Intent
The intent of this document is to outline the professional expectations for effective marking, feedback, and assessment. These practices aim to develop students' literacy and support their progress in learning. 

Marking
Marking and feedback should be prioritised to improve literacy and challenge errors while resolving misconceptions. Teachers are responsible for classroom-level marking and should have routines for effective workload management, including live marking where appropriate. Books should be checked for standards at the end of each learning cycle. Classroom teachers must use the 'Sir William Stanier Literacy Marking Code’ to provide accurate and consistent feedback. Quiz responses, extended responses, and practice questions should be marked for both literacy and standards within the learning cycle.

Assessment
Assessments should use formative strategies, including retrieval quizzing, hinge questions, and practice questions, to give insights into student performance and support DDI. There should be a minimum of one midpoint and one summative end-of-unit assessment per topic, plus a hall exam at the end of the year. Assessment design should be reliable and valid and reflect the terminal examination experience. Students should take responsibility for timely completion of homework and respond to marking and feedback. All assessments must undergo moderation and are graded according to GCSE, OCR or BTEC grading systems.

Feedback
Students should self-assess their retrieval quizzes, extended responses, and practice questions through post-assessment feedback – known as ‘reteach’. Teachers should give explanatory feedback, connecting correct answers with related concepts, and challenge any misconceptions. Hinge questions should be assessed by the teacher with immediate, verbal feedback. Data-Driven Instruction (DDI) helps teachers use feedback from formative and summative assessments to adapt instruction and planning. Self-regulated strategies need to be modelled and practiced by students, and feedback should inform their next steps in learning.

Reteach Sequence

Directed Improvement Time Explicitly share success criteria with students to form contextual links between common cues and the desired response to refine use of subject specific language.

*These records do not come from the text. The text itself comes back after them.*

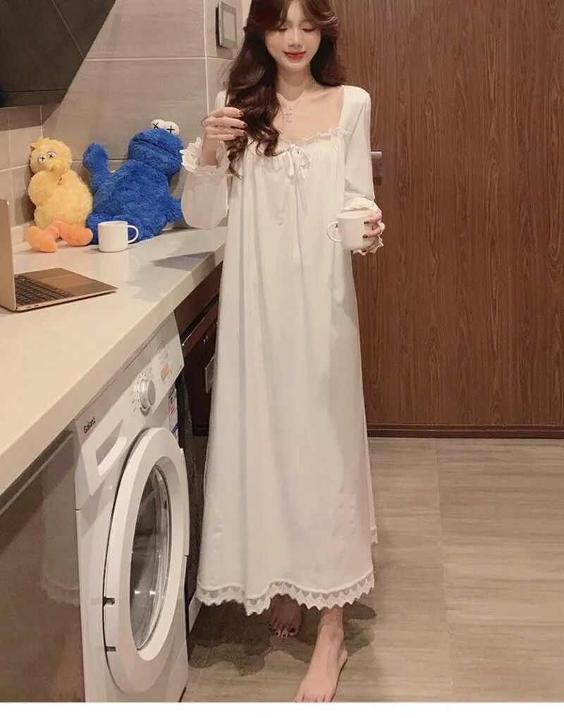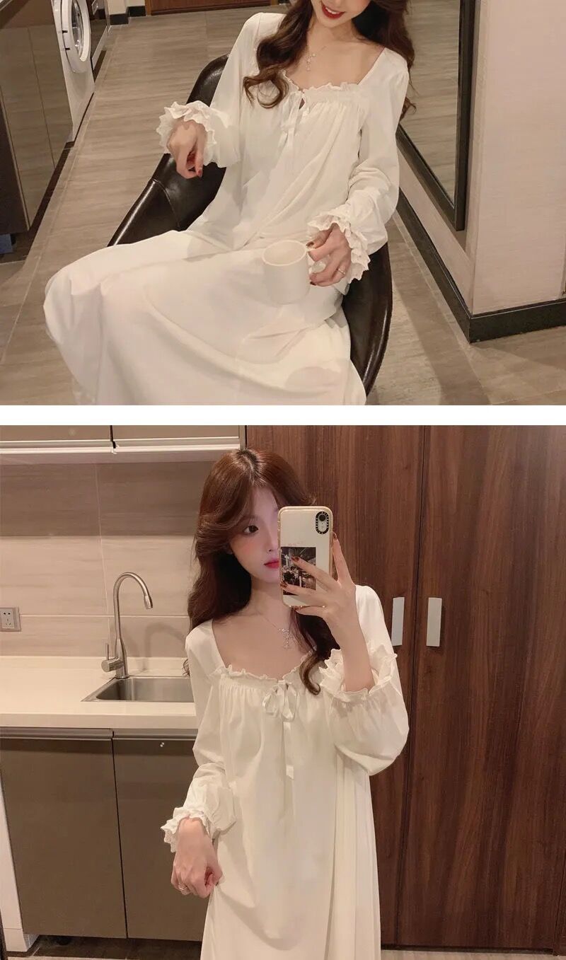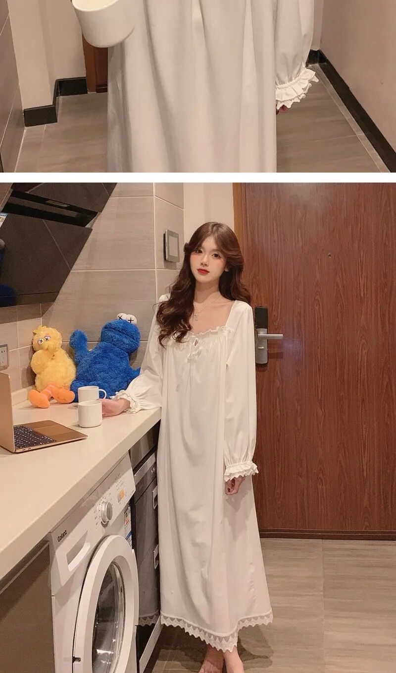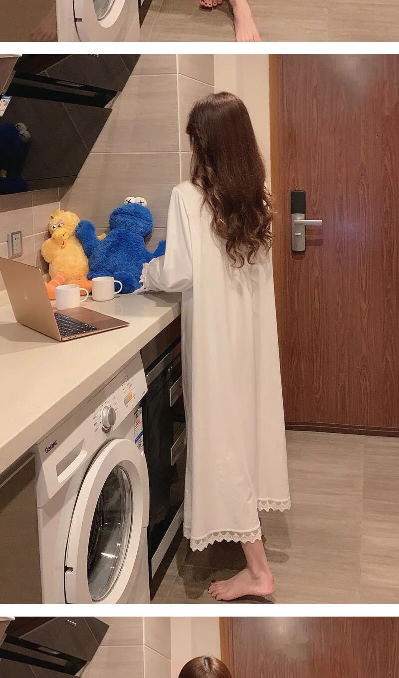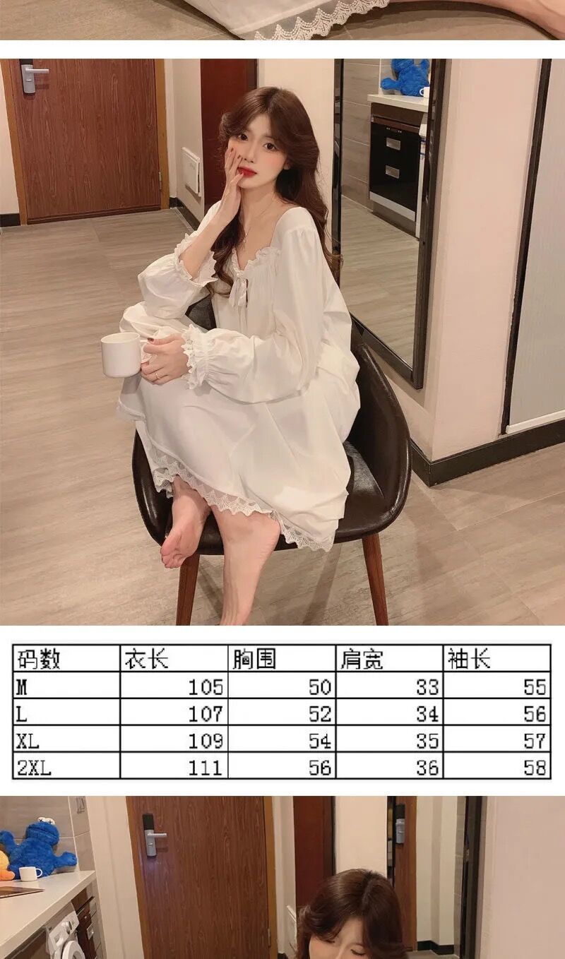 여성을위한 궁전 스타일 긴팔 잠옷 여름 레이스 귀여운 한국 스타일 홈웨어 롱 스커트 마이크로 비즈니스 라이브 방송스토어 가기
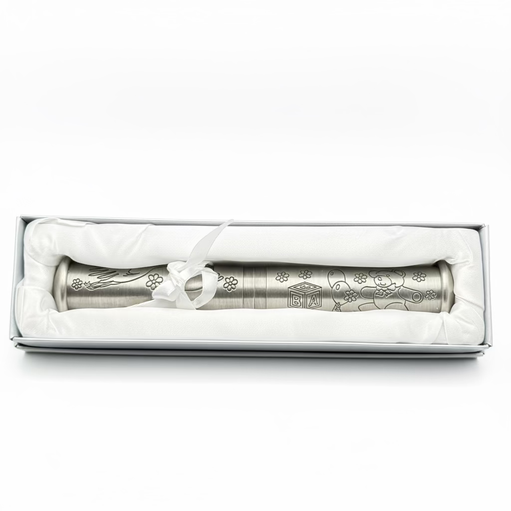 Expertly crafted with detailed baby engravings and a satin ribbon, this elegant tube is designed to hold and protect your child’s birth certificate for years to come. Add a personal engraving — such as the baby’s name, birth date, or a special message — to make it a truly meaningful keepsake.
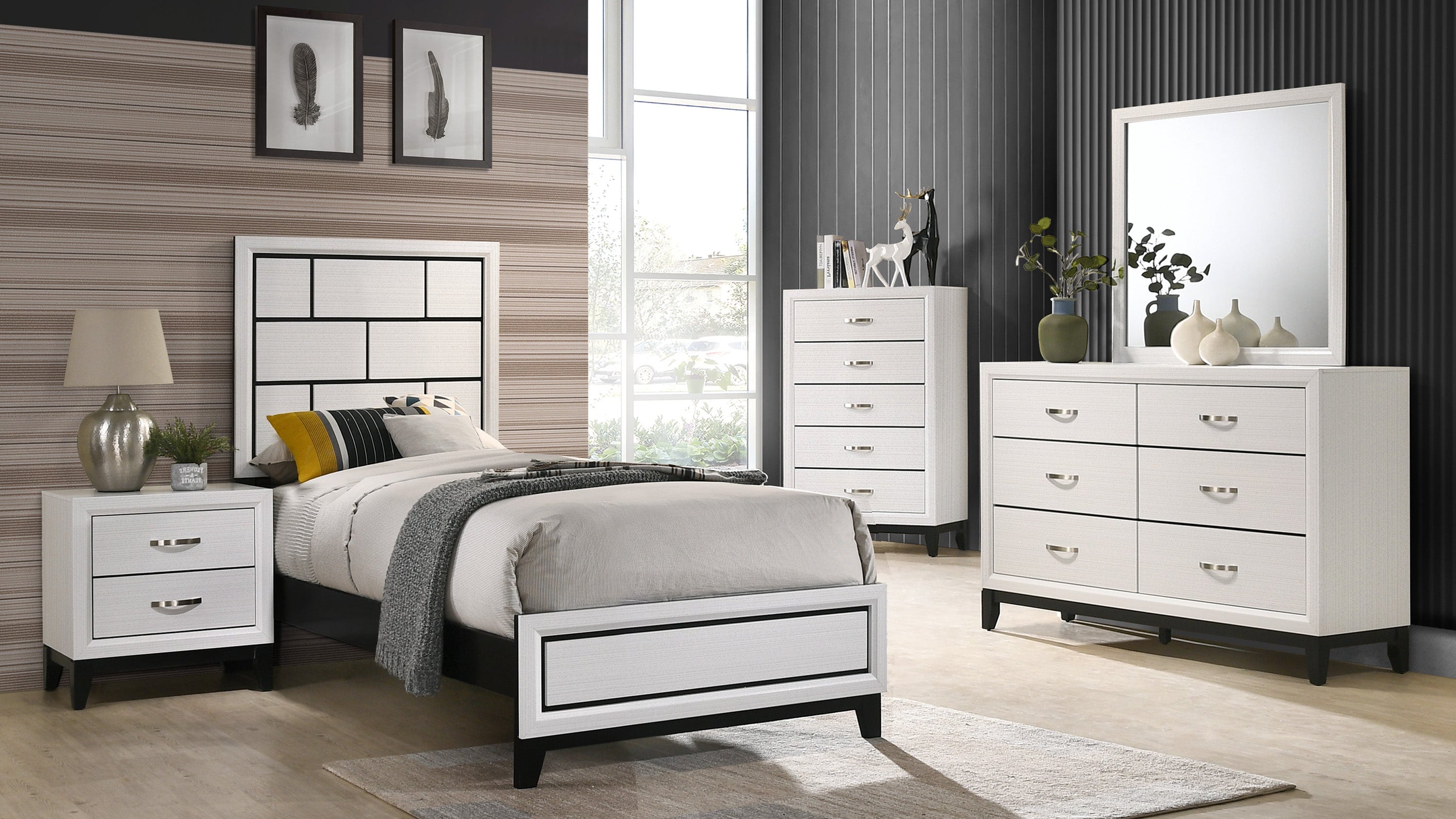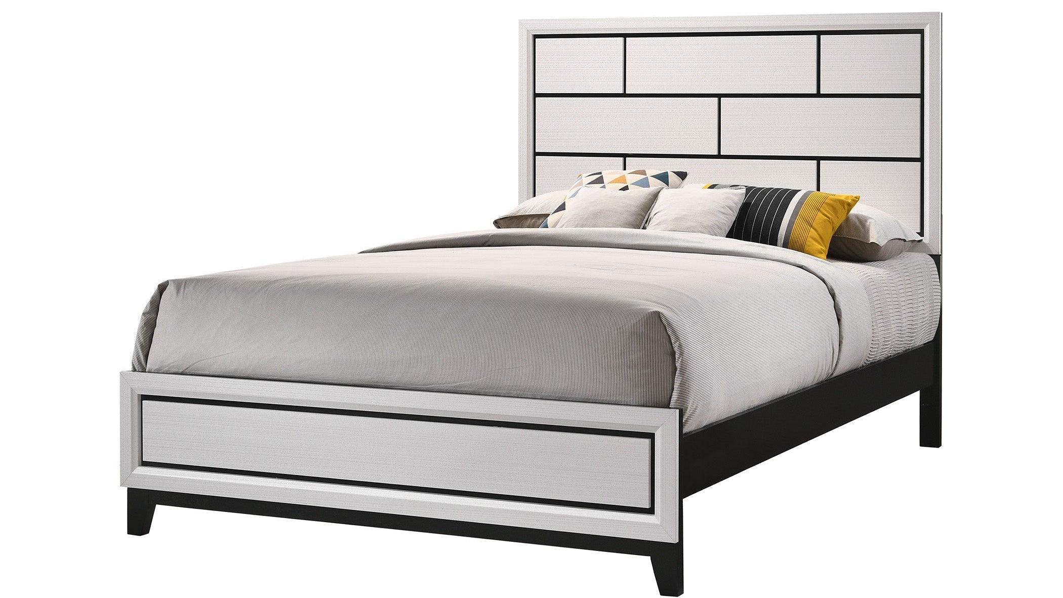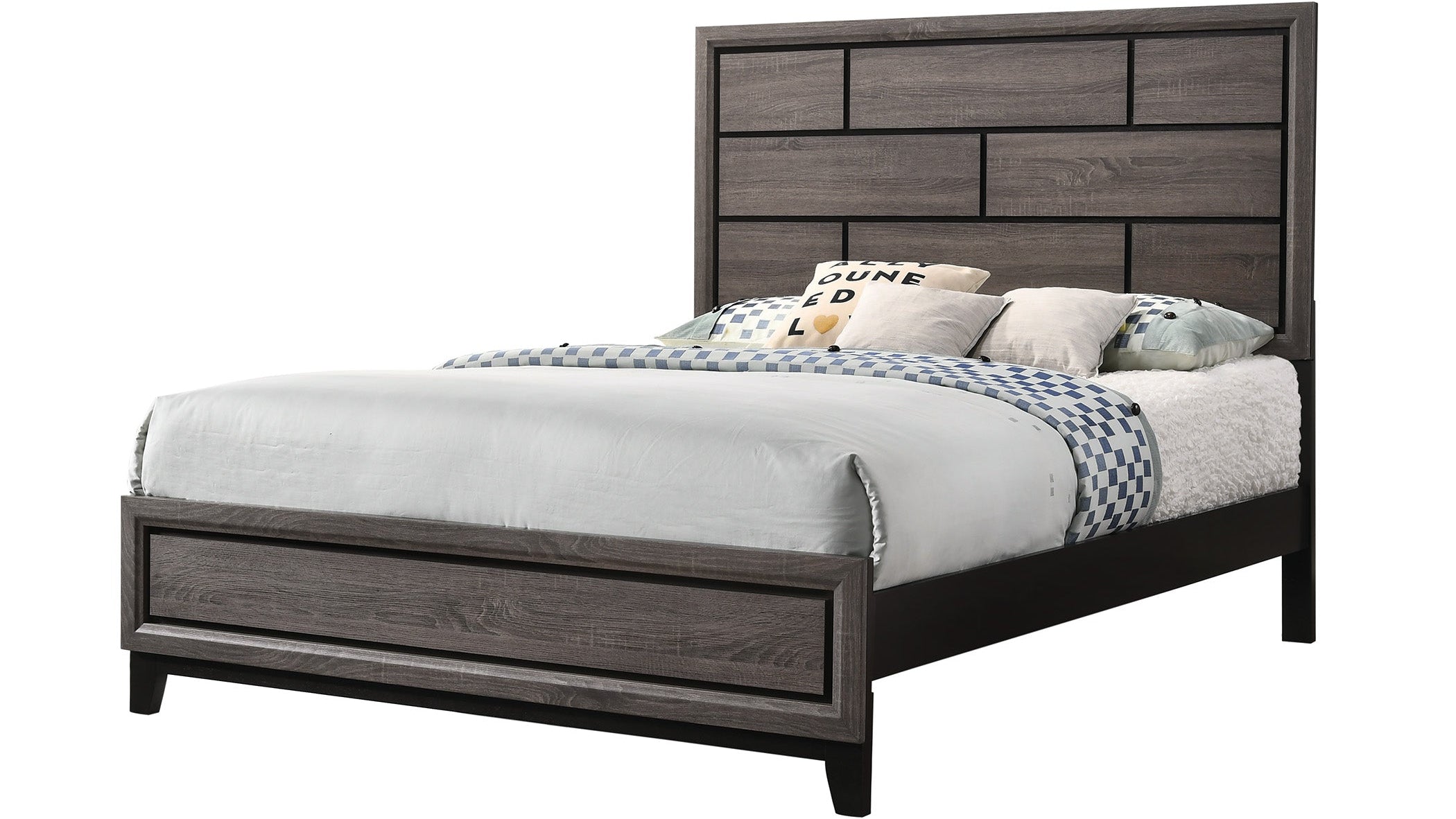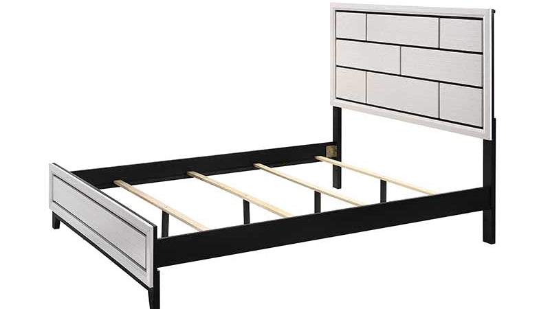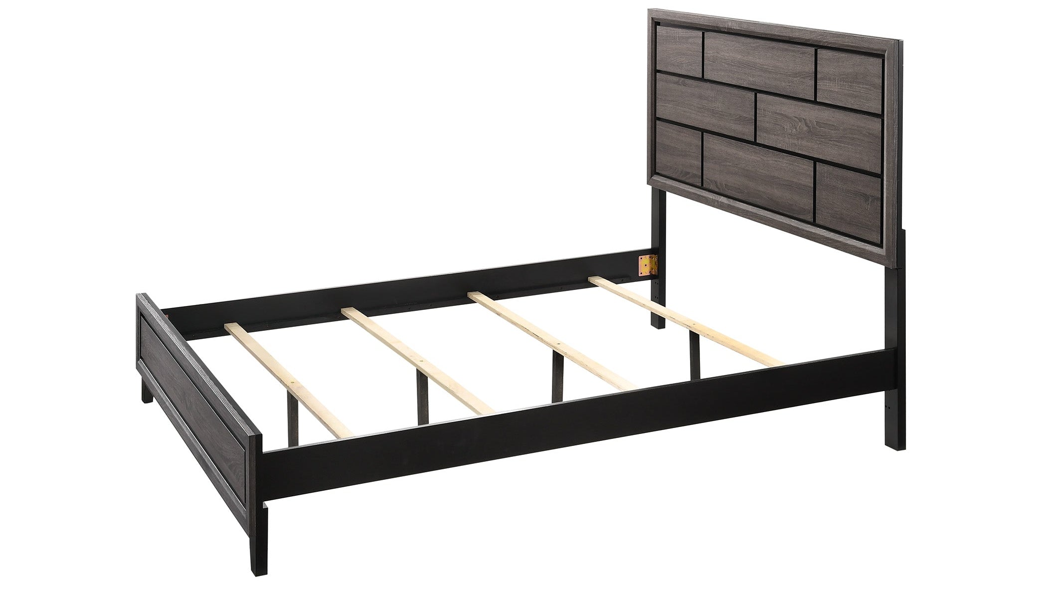 Upgrade your bedroom with an understated style! With beautiful craftsmanship, this Akerson bed is sure to enhance your decor. Sleek, black lines create a pleasing accent to its clean silhouette. A lovely, grey oak or white finish adds a soft, subtle style. Designed for durability, this supportive bed promotes night after night of restful relaxation. Box spring required

Students receive assessed work and the criteria used to infer success.

Students improve responses in green pen using success criteria.

Explicit, teacher-led modelling

Self-regulation requires explicit instruction of metacognitive strategies for planning, monitoring and evaluation task performance. Such strategies are best delivered by the teacher with domain specific expertise, clearly articulating methodologies and strategies to succeed.

Teacher models their thinking and strategies for responding to practice questions.

Teachers should prioritise addressing common misconceptions, inferred from question level analysis. 

Self-regulated practice

Teachers should explicitly support students to develop independent learning skills. Carefully designed guided practice, with support gradually withdrawn as the student becomes proficient, can allow students to develop skills and strategies before applying them in independent practice. In turn preparing students for future stages of learning.

Self-regulated practice is resourced and provides structured time for students to demonstrate misconceptions have been addressed through practice designed to extend learning.